= Werner Gerich =

German engineer and technical consultant

Werner Gerich (威尔纳·格里希 (Wēiěrnà Gélǐxī); 25 August 1919 - 17 April 2003) also known as Ge Lixi, was a German engineer and technical consultant.

== Life ==
Gerich was born and died at Mannheim. He worked as a quality control inspector at the Karlsruhe Institute of Technology before his retirement. At the age of 65, he joined the Senior Experten Service (SES) based in Bonn. In 1984 he was sent as an expert to the Chinese city of Wuhan, where he first served as a consultant on assembly and quality control at a state-run diesel motor factory, and later as its general director. Gerich was the first foreign factory director in China since the Revolution of 1949. In his two years as director, he renewed the run-down factory through drastic reforms and brought about technical improvements to its diesel engines.

== Honors ==
For his service as an SES expert, Gerich was made an honorary citizen of the city of Wuhan, and an honorary professor at Wuhan University.
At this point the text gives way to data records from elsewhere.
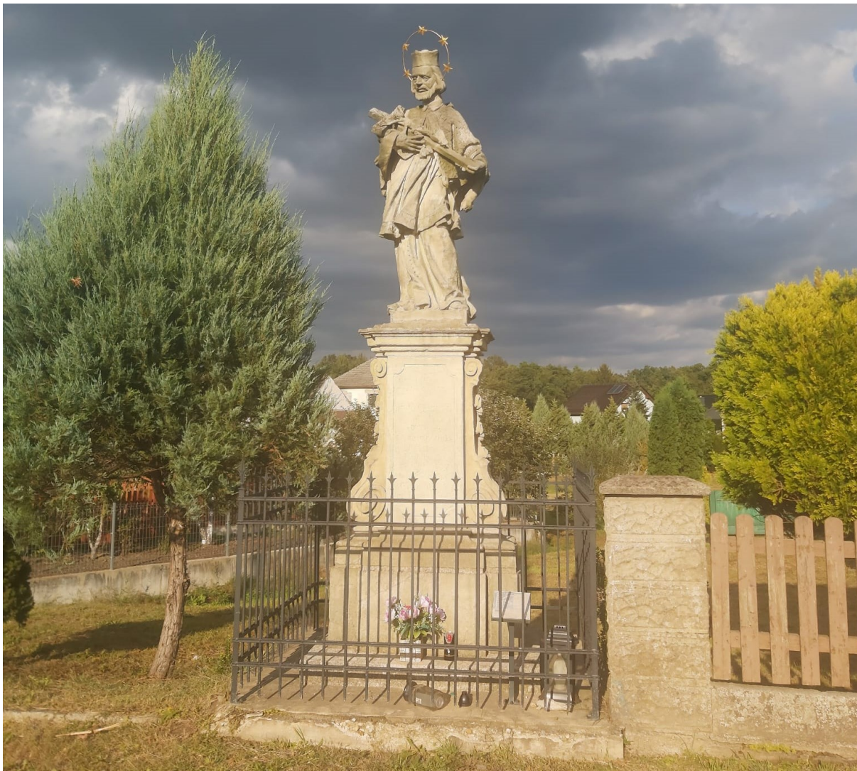
Rysunek 30 Rzeźba św. Jana Nepomucena w Strzeleczkach przy ul. Opolskiej

Kamienna rzeźba św. Jana Nepomucyna przy ul. Opolskiej w Strzeleczkach - barokowa, z 2 ćw. XVIII w., pochodząca z jednego ze śląskich warsztatów kamieniarskich, odrestaurowana w 2013 r. Typowe dla sztuki baroku ikonograficzne przedstawienia Świętego, prezentujące jednocześnie dobry warsztat artystyczny.
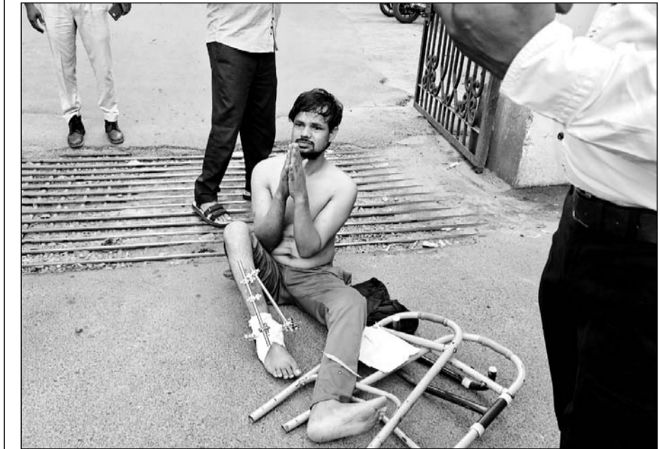
सुभाष नगर थाना क्षेत्र में रहने वाले एक युवक ने न्याय की मांग को लेकर कलेक्ट्री गेट पर हंगामा किया।

युवक ने न्याय की मांग को लेकर भीलवाड़ा कलेक्ट्री गेट पर हंगामा खड़ा किया
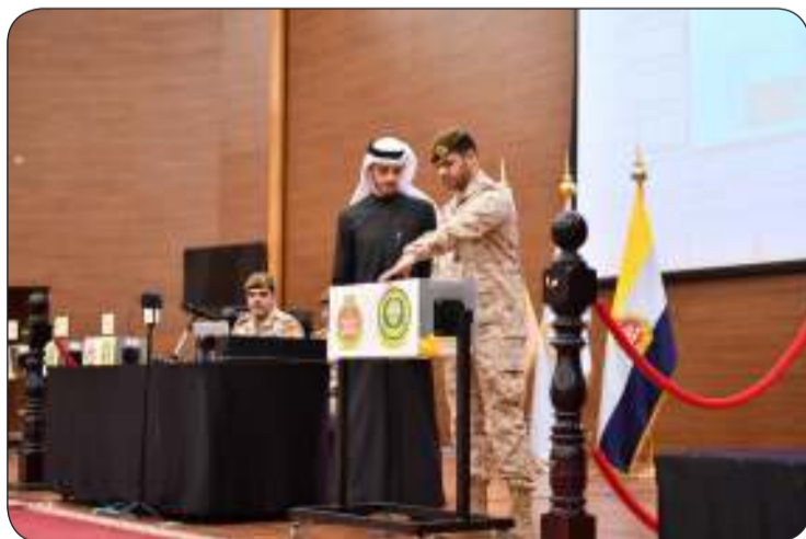
جانب من إجراء القرعة
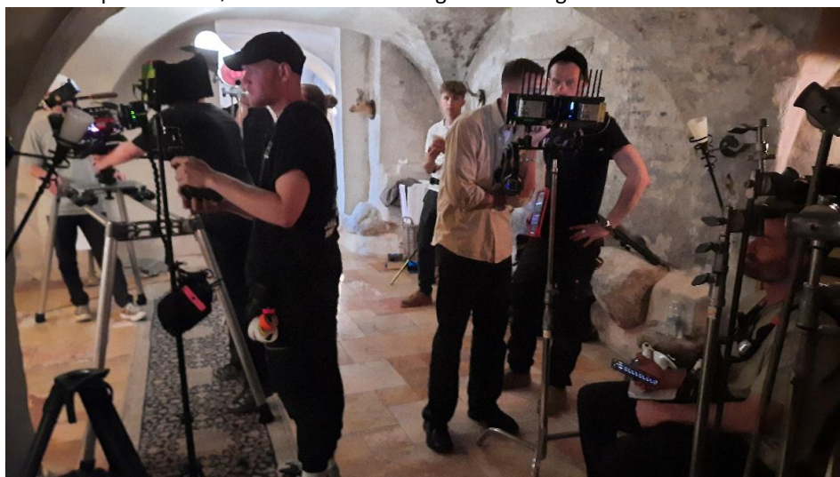
Slut på dagen, og nu skal der pakkes ned i en hulens fart, fordi lokalet om kort skal bruges til andre aktiviteter. Se resultatet af optagelserne af "Aalborg logen" på: https://youtu.be/GqpYiEEluKE .
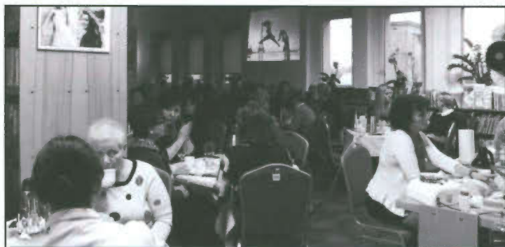
Dzień Kobiet w Bibliotece.
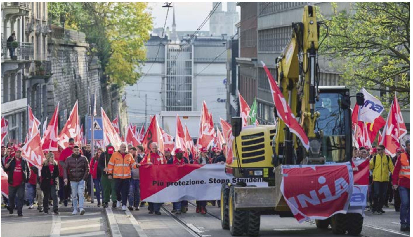
«Pas touche à notre temps de travail»: 15 000 travailleurs de la construction ont clairement rappelé qui construisait la Suisse.
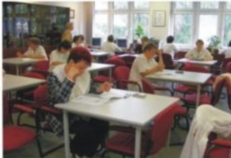
Vizsgáztak a takarítók
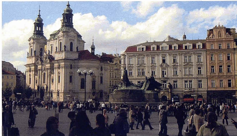
Plaça Staromestske de Praga.
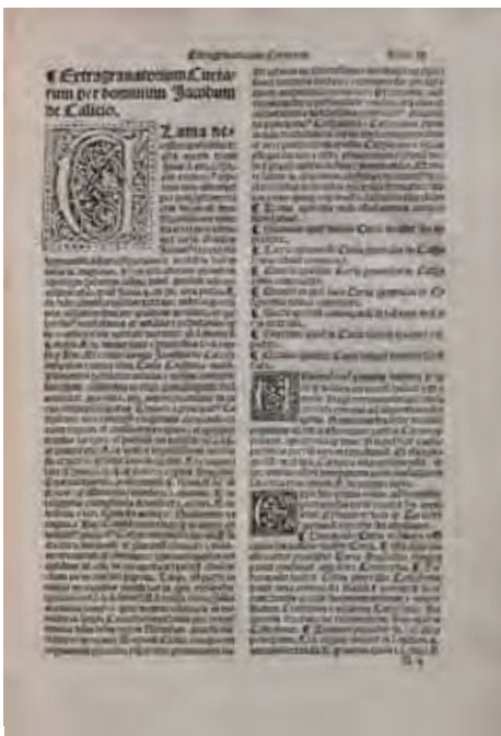
Jaume Callis, Extravagatorium curiarum , Barcelona, Petrum Posa, 1518 (foli II).

Cal destacar que entre la presidència de Serra i la de Joaquim Batet (1904-1905) es publicaren els setanta-nou números de la segona època de la Revista del Centro de Lectura (1-III-1901 a 15-IX-1904), publicació adscrita al modernisme literari i polític en la qual col·laborava la nova generació cultural local. Aquest òrgan assabentava sobre incorporacions bibliogràfiques i en feia indexacions ocasionals. 41
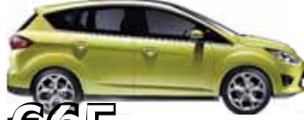
Ford Focus Cmax
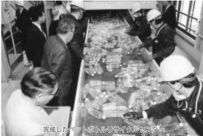
完成したペットボトルリサイクルセンター
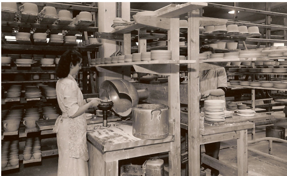
Arbeidsmiljøet ved Stavangerflint ble karakterisert som godt. Arbeidet var sjeldent tungt, men det kunne være ensformig. 60 % av de ansatte var kvinner.
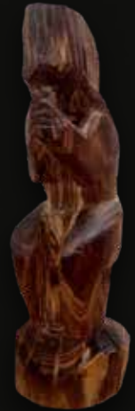
Tótem rectangular Medidas: 33x9
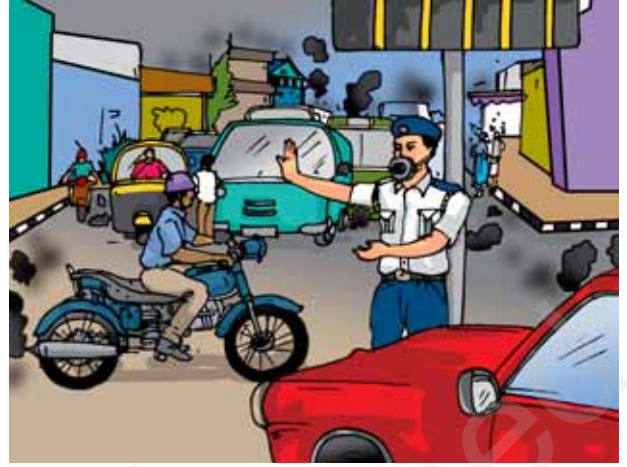
चित्र 15.8 भीड़ भरे चौराहे पर एक पुलिसकर्मी द्वारा मुखौटा पहनकर यातायात नियंत्रण

बूझो आपसे यह पूछ रहा है कि चित्र 15.8 में पुलिसकर्मी ने मुखौटा क्यों पहना है?
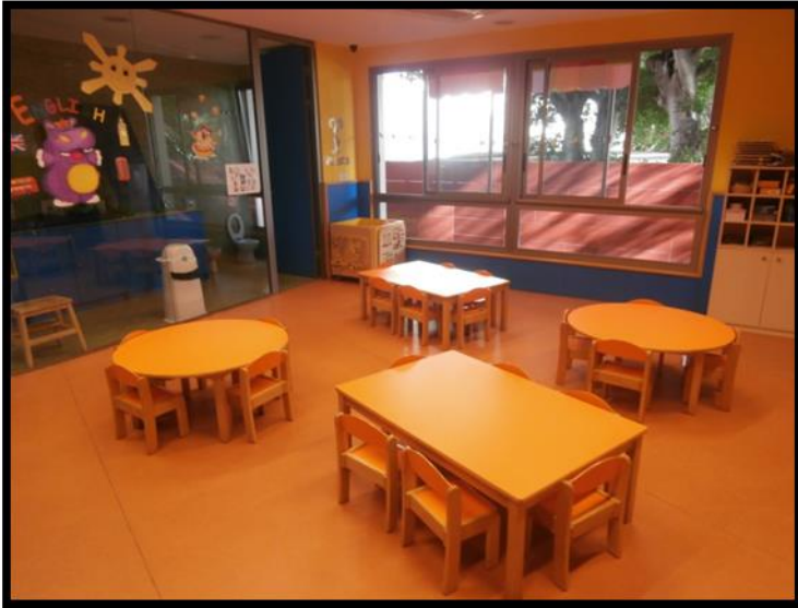
Aula de 2 años
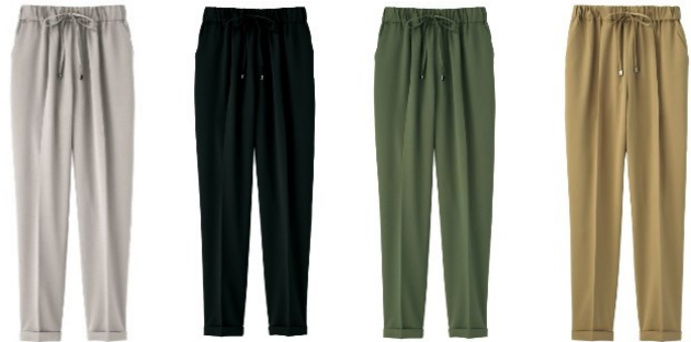
(左より) ライトグレー、ブラック、カーキ、ベージュ
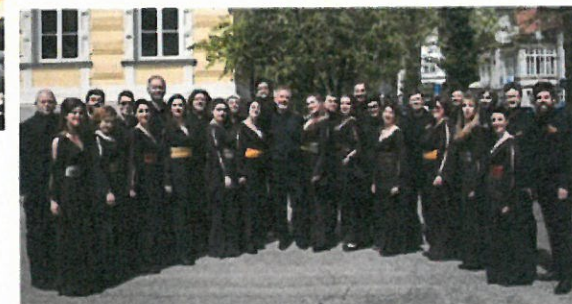
Coro da Camera di Torino

He was awarded the German Order of Merit in 1987. The city of Wuhan installed a bronze bust of him in his honor in 2005, making him the fourth German, after Karl Marx, Friedrich Engels, and John Rabe to be so honored in China.

In 2008, the Office for Foreign Experts in Beijing placed him on their list of 15 foreigners who had made the greatest impact on China's development since 1978.